Guidance on Very Large Bitmaps

grokys commented 9 years ago

I am writing an application that will have to handle very large bitmaps (the current largest is 16128x14960 pixels but we expect bigger).

Do you have any guidance on this? I am assuming that the correct way to go about handling such large images would be to use a downscaled image for viewing the whole thing and moving to tiles when the user zooms in?

What would the best way be to go about loading such tiles?

In addition, the bitmaps will need to be editable. Will this even be possible? The current version of this application uses GDI and although it struggles, it can just about manage.

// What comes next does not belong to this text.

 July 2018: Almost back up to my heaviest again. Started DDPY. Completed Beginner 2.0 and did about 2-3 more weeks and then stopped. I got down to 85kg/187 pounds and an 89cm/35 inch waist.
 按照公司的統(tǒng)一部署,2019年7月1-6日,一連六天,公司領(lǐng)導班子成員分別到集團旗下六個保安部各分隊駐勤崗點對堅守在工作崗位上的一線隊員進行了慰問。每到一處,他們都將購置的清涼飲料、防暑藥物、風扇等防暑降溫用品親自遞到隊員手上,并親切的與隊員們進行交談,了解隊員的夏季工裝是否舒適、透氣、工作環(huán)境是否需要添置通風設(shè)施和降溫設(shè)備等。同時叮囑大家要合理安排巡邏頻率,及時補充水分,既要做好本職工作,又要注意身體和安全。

I'm hoping it will be possible with Win2D...

grokys commented 9 years ago

After a little experimentation, it appears that CanvasBitmap.LoadAsync fails to load the large bitmap, throwing an ArgumentException: Value does not fall within the expected range.

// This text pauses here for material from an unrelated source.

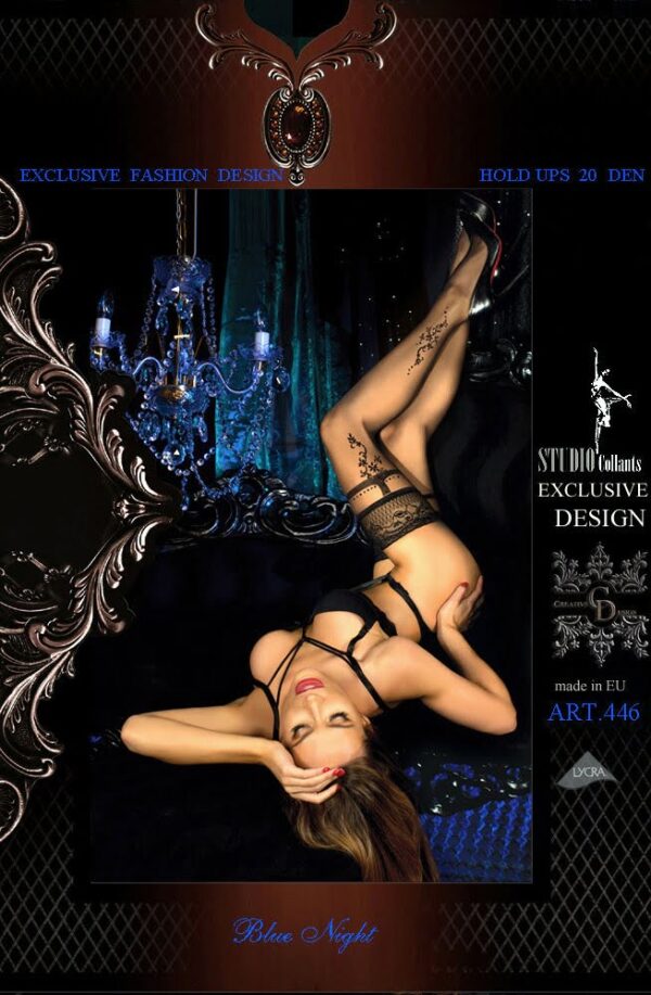 Introducing the sensational new collection by Ballerina ‘Blue Night’; including a mixture of 16 adventurous tights and hold ups. Taken to another level Ballerina have seductively photographed this range in a mysterious and magical environment with a beautiful chandelier seen in the background. Perfect hosiery for any occasion and if blue is your favourite colour you’re going to love this. A remarkable pair of hold ups in Nero (Black) with a gorgeous floral design on the leg. At the top of the hold ups is a bold black design wrapped around the thigh with elegant embroidered polka dots and a floral design. Another floral design features at the lower calf and these patterns are finished with Lurex thread producing the most sensational sparkle. 20 denier hold ups. An elegant lace trim band sits at the top of the hold ups and found within are two silicone strips on the inside. This product is presented in luxury embossed packaging with a picture insert.

This is strange because WPF manages to load it. From my cursory reading of your blog, could I guess that this because it's trying to load it directly into GPU memory?

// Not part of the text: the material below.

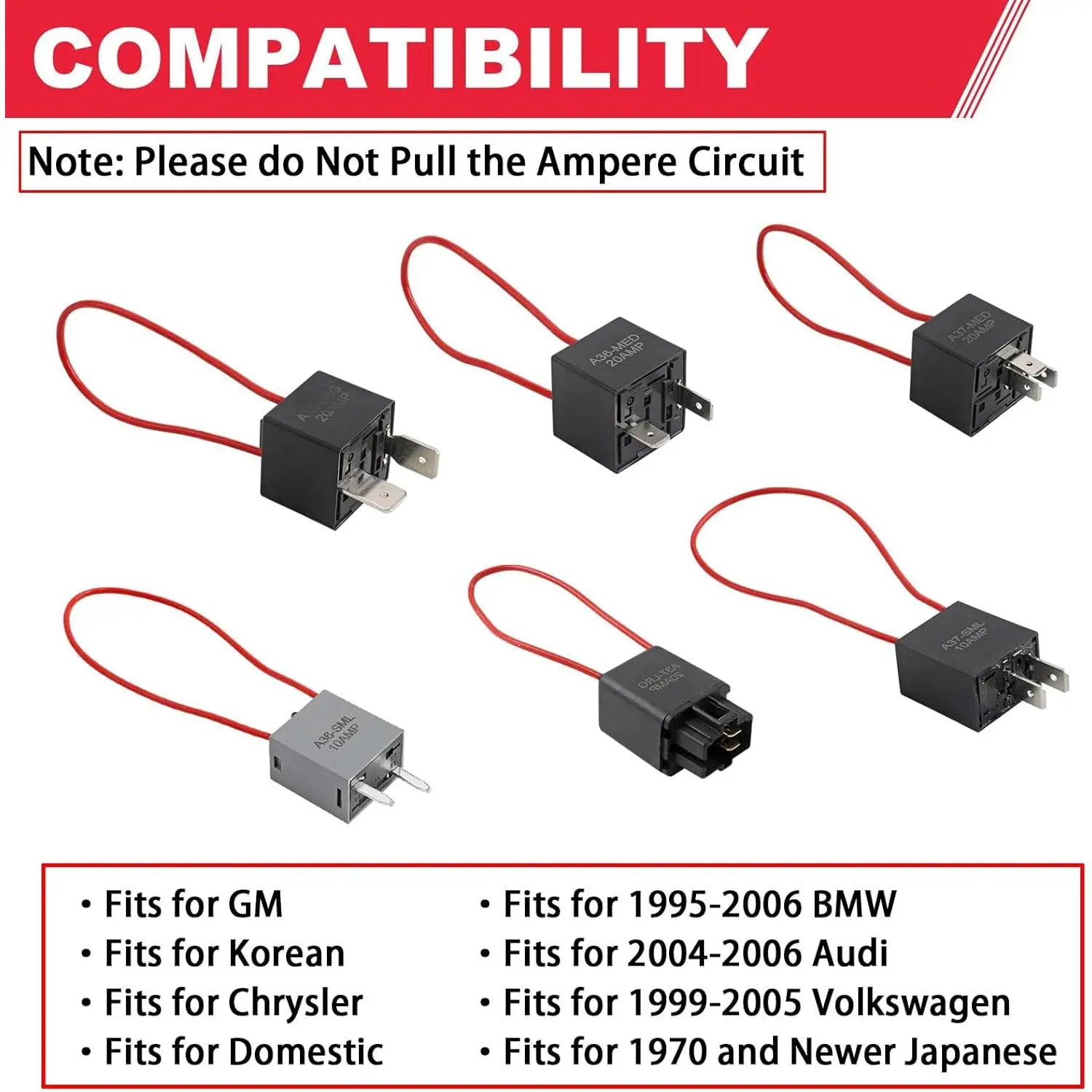 【Compatible】Fits for GM; Korean; Chrysler; Domestic; 2004-2006 Audi; 1995-2006 BMW; 1999-2005 Volkswagen; 1970 and Newer Japanese.This Relay Bypass Kit has Up to 20 Ampere Continuous and 30 Ampere Surge (12V),Suitable for Most Models on the Market.

grokys commented 9 years ago

Indeed the exception arises in CanvasDevice.cpp:476:

ThrowIfFailed(deviceContext->CreateBitmapFromWicBitmap(wicConverter, &bitmapProperties, &bitmap));

It seems that WIC can load the image but CreateBitmapFromWicBitmap is failing, because the image is too large.

I'm guessing that you don't expose an API to deal with WIC images before they're passed to Direct2D? If so, what would be my best option? Use SharpDX/WIC to load the image, split the images into tiles there and use CanvasBitmaps.CreateFromBytes()?

Maybe you could expose an API to construct a CanvasBitmap with an IntPtr which represents an IWICBitmapSource? That would at least prevent me having to marshall the tile data from unmanaged -> managed -> unmanaged.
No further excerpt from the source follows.